Adenoidectomy as an Adjuvant to Primary Tympanostomy Tube Placement: A Systematic Review and Meta-analysis

Author Affiliations
  • 1Department of Otolaryngology–Head and Neck Surgery, Walter Reed National Military Medical Center, Bethesda, Maryland
  • 2Department of Otolaryngology–Head and Neck Surgery, Naval Medical Center San Diego, San Diego, California
JAMA Otolaryngol Head Neck Surg. 2014;140(2):95-101. doi:10.1001/jamaoto.2013.5842

Importance  Adenoidectomy at initial tympanostomy tube placement (TT) may reduce the rate of repeated surgery for otitis media.

Objective  To assess the effectiveness of primary adenoidectomy as an adjuvant to TT (Ad + TT) compared with TT alone.

Data Sources  PubMed and EMBASE electronic databases were searched with no publication year restrictions beyond those of the individual databases.

Study Selection  Articles that compared outcomes of children having undergone primary Ad + TT with children having undergone TT alone for middle ear disease.

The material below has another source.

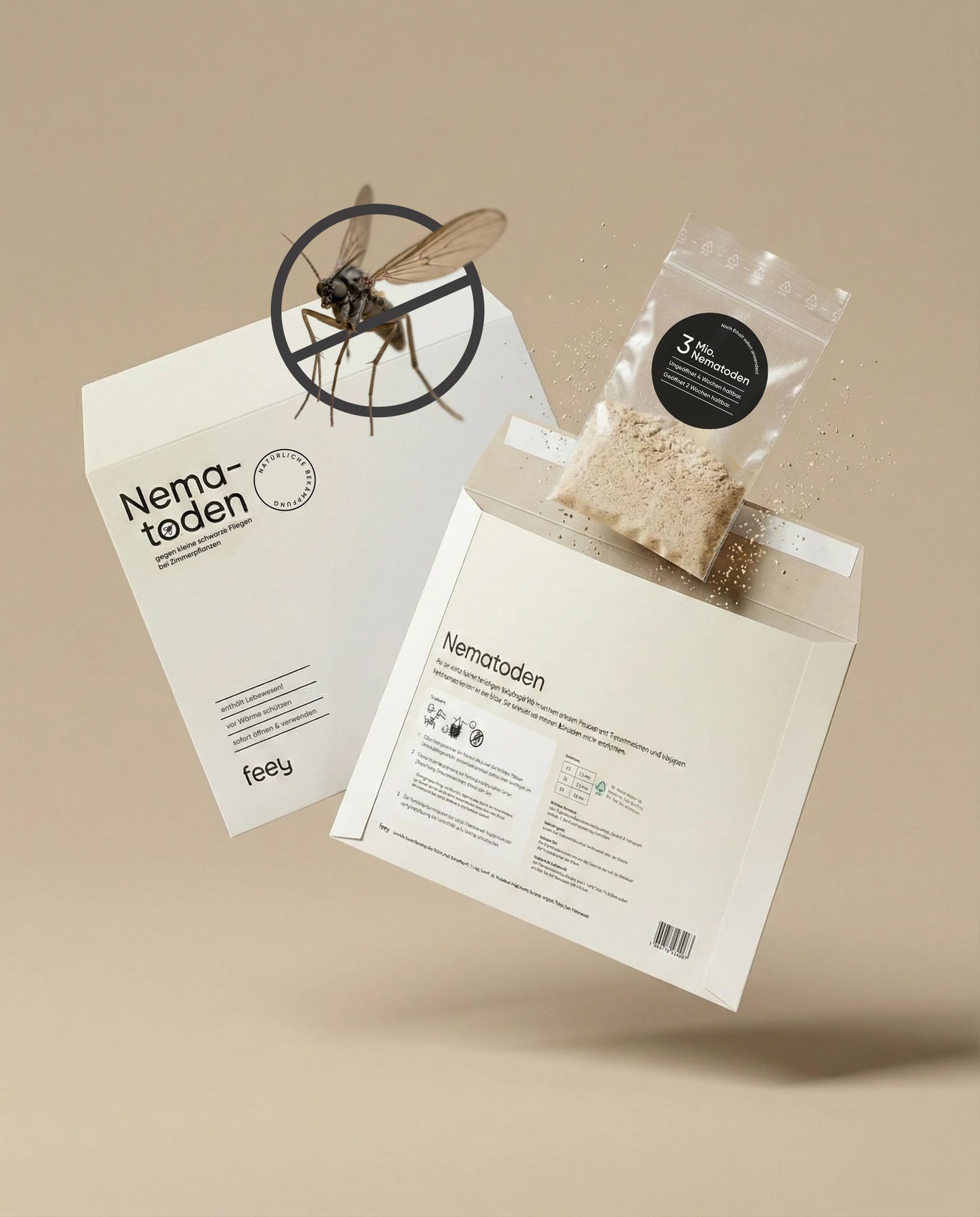 Eine "Nematoden gegen Trauermücken"-Verpackung mit Infotext, sichtbarem Granulat in einem durchsichtigen Beutel und einer Mückenillustration - perfekt für die Bekämpfung von Trauermücken in Zimmerpflanzen - auf einem beigen Hintergrund.

Data Extraction  Medical literature addressing Ad + TT was systematically reviewed. Data extracted included study design, age of children, and follow-up time frame. Level of evidence was assessed, and data were pooled where possible.

Main Outcomes and Measures  Proportion of children requiring repeated TT (r-TT). Secondary outcomes included proportion of children with recurrent acute otitis media (RAOM), otitis media with effusion (OME), otorrhea, or any combination of the 3.

Results  Fifteen articles met inclusion criteria. Ten studies (n = 71 353) reported that primary Ad + TT decreased the risk of r-TT or risk of RAOM, OME, or otorrhea compared with TT alone. Four studies (n = 538) reported no difference between Ad + TT groups compared with TT-only groups in the prevention of r-TT or of RAOM, OME, or otorrhea. Despite significant heterogeneity, limited meta-analysis and pooling of data revealed that the estimated rate of r-TT for children undergoing primary adenoidectomy was 17.2% (95% CI, 12.2%-22.2%) vs 31.8% (95% CI, 23.9%-39.8%) for children undergoing primary TT only. When stratified by age younger than 4 years, the protective effects of adenoidectomy were diminished.

Conclusions and Relevance  The current evidence suggests that primary Ad + TT may be superior to TT only in decreasing the risk of r-TT and the risk of RAOM, OME, or otorrhea. Limitations include heterogeneity of the source data, with the predominance of retrospective data as well as studies with older children supporting the superiority of adjuvant adenoidectomy. The practice of Ad + TT may decrease the risk of repeated surgery in children older than 4 years.